Methodology

SpiderRating provides deterministic, transparent security ratings for AI tools — including MCP servers, Claude skills, and more. Same input always produces the same output — no AI black boxes, no subjective judgment.

What We Rate

MCP

MCP Servers

Model Context Protocol servers that expose tools, prompts, and resources to AI agents. Full 3-layer scoring: description quality, security analysis, and metadata health.

Skill

Claude Skills

Custom instructions and capabilities for Claude Code. Scored on description quality, malicious pattern detection (20+ rules), and community signals.

Tool

AI Tools

OpenAI plugins, function-calling tools, and other AI integrations. Coming soon — scoring model in development.

Connectors & Plugins

LangChain tools, browser extensions, and other connector types. The framework is designed to be extensible as new AI tool categories emerge.

3-Layer Scoring Model

Every item is scored across three independent layers, with weights adapted by type:

Description Quality

35%

How well tool descriptions communicate intent, scope, and side effects to LLMs.

Security Analysis

35%

Static analysis for 46+ security patterns: reverse shells, credential theft, prompt injection, toxic flows, and more.

Metadata Health

30%

Provenance signals: source availability, maintenance activity, community adoption, and download metrics.
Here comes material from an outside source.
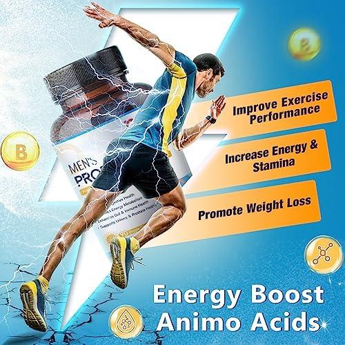About this item Gut Health Support: Combine the power of 100 Billion CFUs probiotics from 20 strains, prebiotics, enzyme, amino acids, saw palmetto and vitamin B complex to create an all-in-one gut health solution that’s easy and effective. High-potency probiotic offer 90 capsules in a shelf-stable bottle and 50 Billion CFUs in each capsule, you can adjust the dosage if you need, so the serving size is 45 days and even more. Your well-being begins from the gut, please arm it with our cost-effective probiotics. Complete Digestive Health & Weight Manage: Digestive enzymes help break down food to turn into energy, boost nutrient absorption, and relieve gas & bloating. Probiotics help replenish the gut flora aid in digestion balance, reduce constipation & diarrhea. Prebiotic fibers produce short-chain fatty acids and promote probiotic growth. Taking digestive enzymes with probiotics and prebiotics together make your digestion in top shape, and more effective for weight loss. Prostate & Urinary Tract Health Support: Formulated with SAW PALMETTO and Vitamin K2 to support healthy prostate function and balance hormone levels. In addition, we use CRANBERRY and Vitamin C to reduce adhere of E. coli and promote urinary tract (UT) health. A superior formulation restores proper balance, reduces the frequent urge to urinate, no pain or burning and dribbling of urine. No sugar, calories, or preservatives that are safe men’s supplements to set you up for long-term wellness. Amino Energy & Immune Support: L-Taurine and amino acids help you stay alert and energized throughout the day. Vitamin B helps produce energy and enhance mood, fight against free radicals, and improve the body’s immune response to reduce infection. Probiotic also support the gut-brain connection and enhance cognition which is suitable for men over 50. This unique formula is perfect for any time of the day, from helping you get energized in the day to get a good sleep in the evening. Our Strength: Featured enteric-coated capsules which have an acid-resistant coating that won’t irritate the stomach lining. Delay-released properties ensure strains are released in the intestine for a deep colon cleanse and detox. All ingredients are natural, dairy-free and Non-GMO. No refrigeration need, just slip the bottle into your bag if you’re out. We guarantee our probiotics potency until the expiration date, and a full refund policy if you are not satisfied with it.

SpiderScore = Description × 0.35 + Security × 0.35 + Metadata × 0.30

Scoring by Type

Dimension	MCP Servers	Claude Skills
Description	5-dimension tool description scoring (intent, scope, side effects, capabilities, boundaries)	Instruction clarity, scope definition, behavioral boundaries
Security	46 static patterns (TS-E001~P002): reverse shells, C2, credential theft, code exec, exfiltration	20+ malicious patterns, typosquat detection (Levenshtein), toxic flow analysis, rug pull detection
Metadata	GitHub signals: stars, forks, license, commit recency, contributor count	Download count, author reputation, source availability, version history

5 Description Dimensions

Dimension	Weight	What It Measures
Intent Clarity	20%	Does the description start with an action verb and clearly distinguish this tool from others?
Permission Scope	25%	Does it define when to use the tool and what boundaries apply?
Side Effects	20%	Does it document error conditions and potential side effects?
Capability Disclosure	20%	Are parameters documented with examples and type information?
Operational Boundaries	15%	Overall description completeness — does it provide enough context for safe tool selection?

Security Scoring

Security = 10 - (3 x critical + 2 x high + 1 x medium + 0.25 x low) + architecture_bonus

Architecture bonus: +0 to +2 based on code quality signals (tests, error handling)
Score clamped to [0, 10]
Score of 10.0 means "zero issues found", not "proven secure"

Skill-Specific Detection

Malicious Pattern Detection

20+ rule patterns for suspicious instructions
Typosquat detection (Levenshtein distance ≤ 2)
Prompt injection / exfiltration patterns

Advanced Analysis

Toxic flow: data source + public sink combinations
Rug pull detection via SHA-256 content pinning
Allowlist mode for approved-only skills

Metadata Signals

Provenance (40%)

Has source code
Has license
Identifiable owner
Repo age > 180 days
Not archived

Maintenance (35%)

Recent commits
Has releases
Multiple contributors
Has description

Popularity (25%)

Stars / downloads (log scale)
Forks (log scale)
Watchers / installs (log scale)

Hard Constraints

Regardless of the calculated score, these rules enforce safety floors:

Condition	Effect	Applies To
Any critical security issue	Grade forced to F	All types
Known malicious skill	Grade forced to F	Skills
Security score < 5.0	Grade capped at C	All types
No source repository	Grade capped at D	All types

Grade Thresholds

9.0 - 10

7.0 - 8.9

5.0 - 6.9

3.0 - 4.9

0 - 2.9

Reproducibility Guarantee

SpiderRating is fully deterministic. Given the same source code and metadata, it will always produce the same score. There is no randomness, no LLM-based scoring, and no network-dependent calculations. You can reproduce any rating by running teeshield scan <repo> locally.